• _PROBLEM TO SOLVE_:
Taking the line with "Trên bàn tiệc" as the first and the line with "1. 如图所示,$∠1$,$∠2$为对顶角的是 ()" as the last, set down exactly every line in that range from the entries below, and no more.

• _DATA FOR REVIEW_:
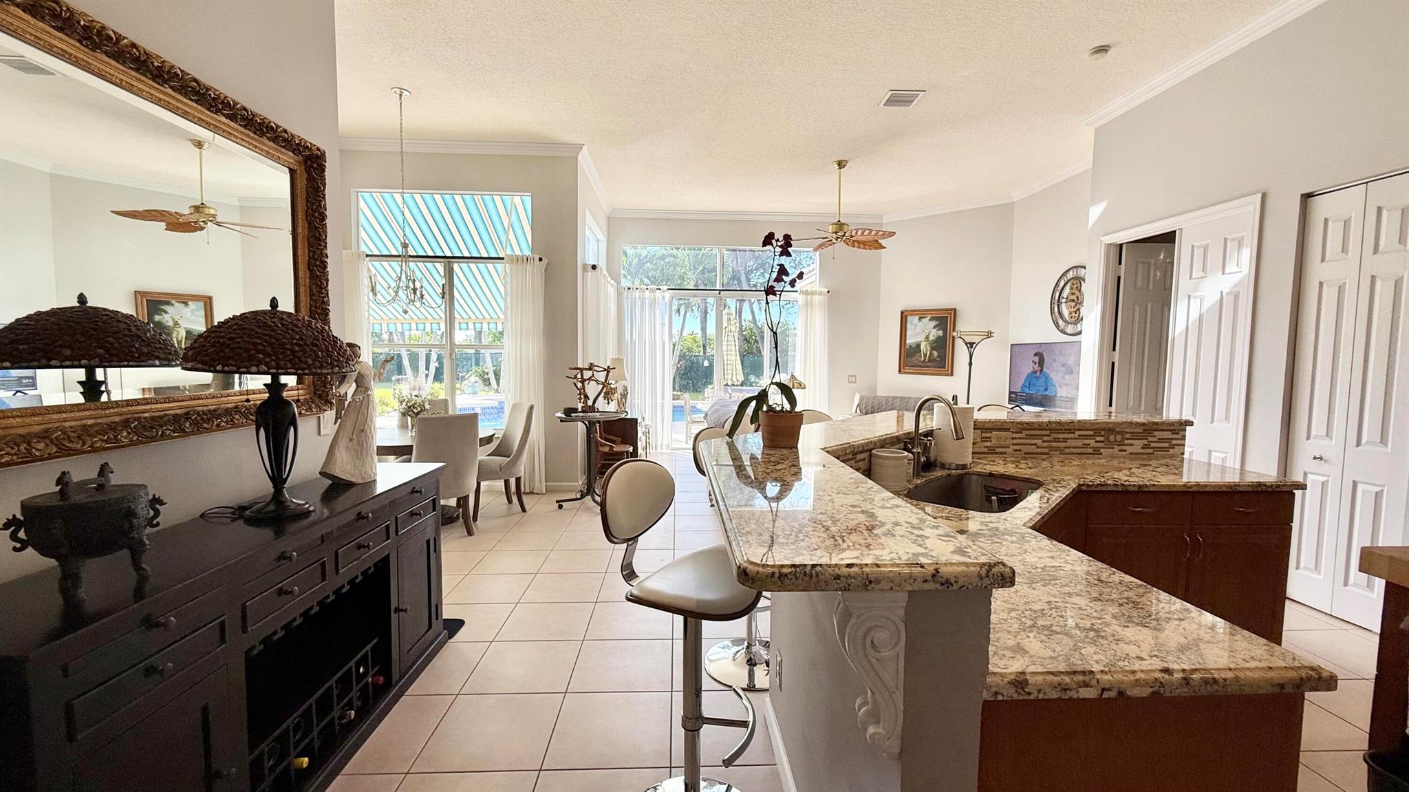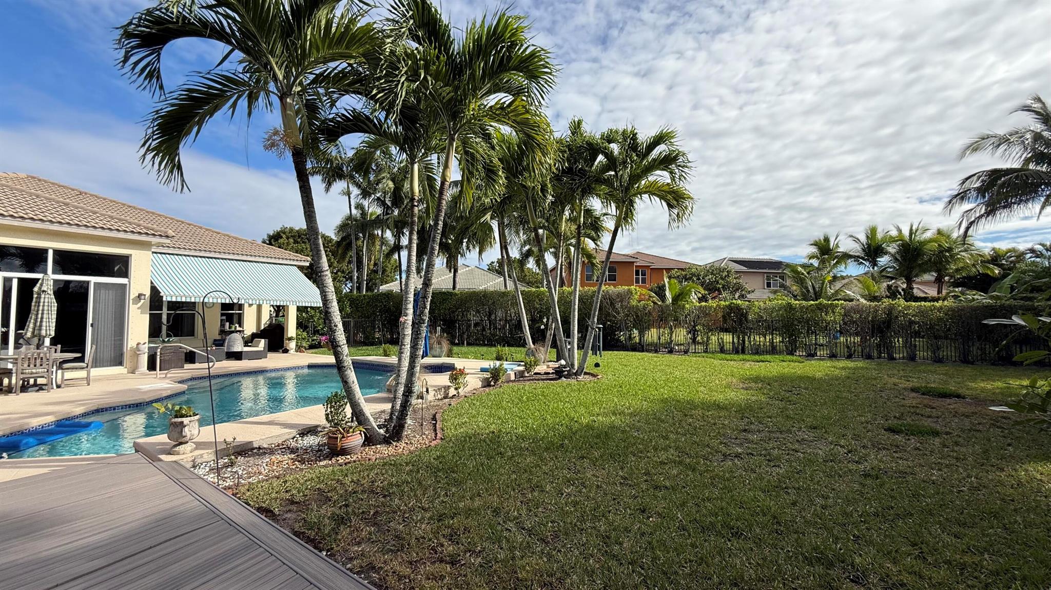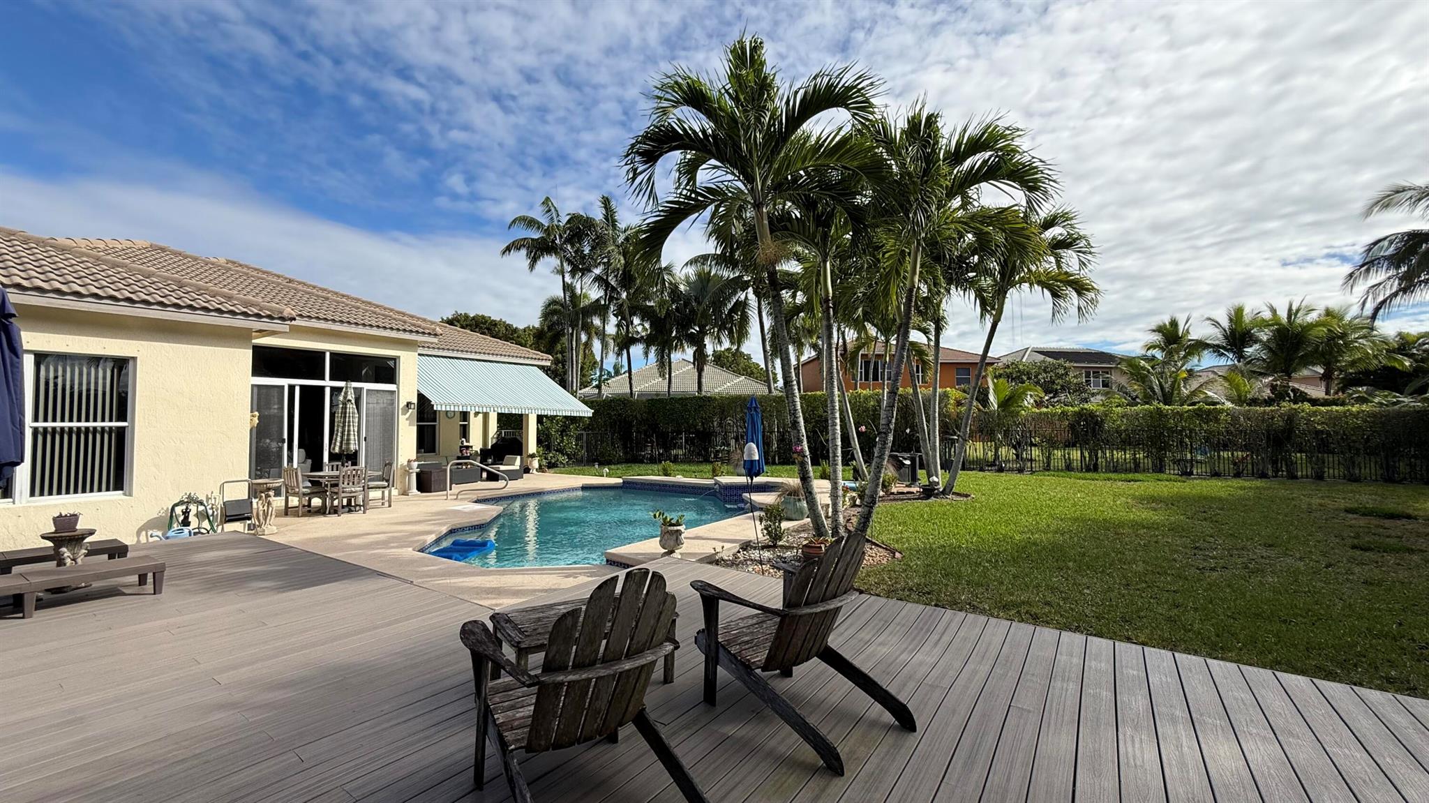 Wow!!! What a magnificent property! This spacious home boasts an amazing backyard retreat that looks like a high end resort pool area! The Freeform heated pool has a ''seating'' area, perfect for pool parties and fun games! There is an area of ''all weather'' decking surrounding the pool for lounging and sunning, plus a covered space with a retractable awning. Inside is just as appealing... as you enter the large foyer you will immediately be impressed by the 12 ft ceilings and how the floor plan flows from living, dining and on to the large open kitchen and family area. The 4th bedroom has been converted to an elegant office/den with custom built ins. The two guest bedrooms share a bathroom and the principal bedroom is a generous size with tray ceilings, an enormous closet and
--
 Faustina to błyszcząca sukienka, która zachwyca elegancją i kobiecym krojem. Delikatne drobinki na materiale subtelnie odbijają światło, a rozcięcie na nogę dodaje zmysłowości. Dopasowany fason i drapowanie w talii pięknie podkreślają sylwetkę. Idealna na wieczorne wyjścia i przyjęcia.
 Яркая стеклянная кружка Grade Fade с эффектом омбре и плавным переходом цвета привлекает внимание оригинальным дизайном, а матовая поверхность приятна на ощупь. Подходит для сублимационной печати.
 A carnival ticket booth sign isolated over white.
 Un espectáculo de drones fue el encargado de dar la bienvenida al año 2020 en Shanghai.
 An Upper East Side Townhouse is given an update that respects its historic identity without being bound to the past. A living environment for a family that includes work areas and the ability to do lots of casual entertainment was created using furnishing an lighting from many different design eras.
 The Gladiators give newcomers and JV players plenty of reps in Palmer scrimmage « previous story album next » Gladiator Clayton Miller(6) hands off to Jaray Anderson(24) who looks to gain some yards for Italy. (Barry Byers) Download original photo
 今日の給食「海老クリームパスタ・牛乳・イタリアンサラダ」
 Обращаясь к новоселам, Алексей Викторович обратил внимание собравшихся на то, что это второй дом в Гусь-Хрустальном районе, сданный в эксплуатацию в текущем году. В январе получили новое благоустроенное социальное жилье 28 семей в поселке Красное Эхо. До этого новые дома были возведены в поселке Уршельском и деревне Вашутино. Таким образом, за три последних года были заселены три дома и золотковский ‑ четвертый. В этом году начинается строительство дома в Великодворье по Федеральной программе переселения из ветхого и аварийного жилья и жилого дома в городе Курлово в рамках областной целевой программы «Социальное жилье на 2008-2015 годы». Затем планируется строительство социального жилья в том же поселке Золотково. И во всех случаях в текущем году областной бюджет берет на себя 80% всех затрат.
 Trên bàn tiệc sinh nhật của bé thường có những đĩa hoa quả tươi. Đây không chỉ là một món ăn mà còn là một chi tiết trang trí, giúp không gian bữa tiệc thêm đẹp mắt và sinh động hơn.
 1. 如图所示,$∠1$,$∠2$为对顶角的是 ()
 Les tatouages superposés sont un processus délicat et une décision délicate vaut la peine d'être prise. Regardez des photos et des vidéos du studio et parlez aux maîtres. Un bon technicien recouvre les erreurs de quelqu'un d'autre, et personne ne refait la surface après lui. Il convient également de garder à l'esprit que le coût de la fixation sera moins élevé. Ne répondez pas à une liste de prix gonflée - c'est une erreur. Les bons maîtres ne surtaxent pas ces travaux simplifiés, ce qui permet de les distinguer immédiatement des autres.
---
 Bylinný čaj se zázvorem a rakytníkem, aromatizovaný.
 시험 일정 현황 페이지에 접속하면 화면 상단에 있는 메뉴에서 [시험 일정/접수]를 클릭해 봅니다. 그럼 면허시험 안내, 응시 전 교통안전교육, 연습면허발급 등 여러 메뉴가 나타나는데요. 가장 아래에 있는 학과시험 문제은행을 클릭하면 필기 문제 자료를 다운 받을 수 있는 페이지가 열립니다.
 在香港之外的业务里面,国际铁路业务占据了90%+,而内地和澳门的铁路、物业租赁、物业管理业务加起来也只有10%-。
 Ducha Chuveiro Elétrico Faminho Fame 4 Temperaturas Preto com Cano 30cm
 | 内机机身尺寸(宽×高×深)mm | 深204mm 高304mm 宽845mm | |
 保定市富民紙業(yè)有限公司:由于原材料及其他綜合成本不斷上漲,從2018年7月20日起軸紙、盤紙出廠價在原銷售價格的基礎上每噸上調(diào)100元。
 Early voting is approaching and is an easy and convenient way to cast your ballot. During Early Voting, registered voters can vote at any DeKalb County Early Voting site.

• _PROBLEM SOLUTION_:
 Trên bàn tiệc sinh nhật của bé thường có những đĩa hoa quả tươi. Đây không chỉ là một món ăn mà còn là một chi tiết trang trí, giúp không gian bữa tiệc thêm đẹp mắt và sinh động hơn.
 1. 如图所示,$∠1$,$∠2$为对顶角的是 ()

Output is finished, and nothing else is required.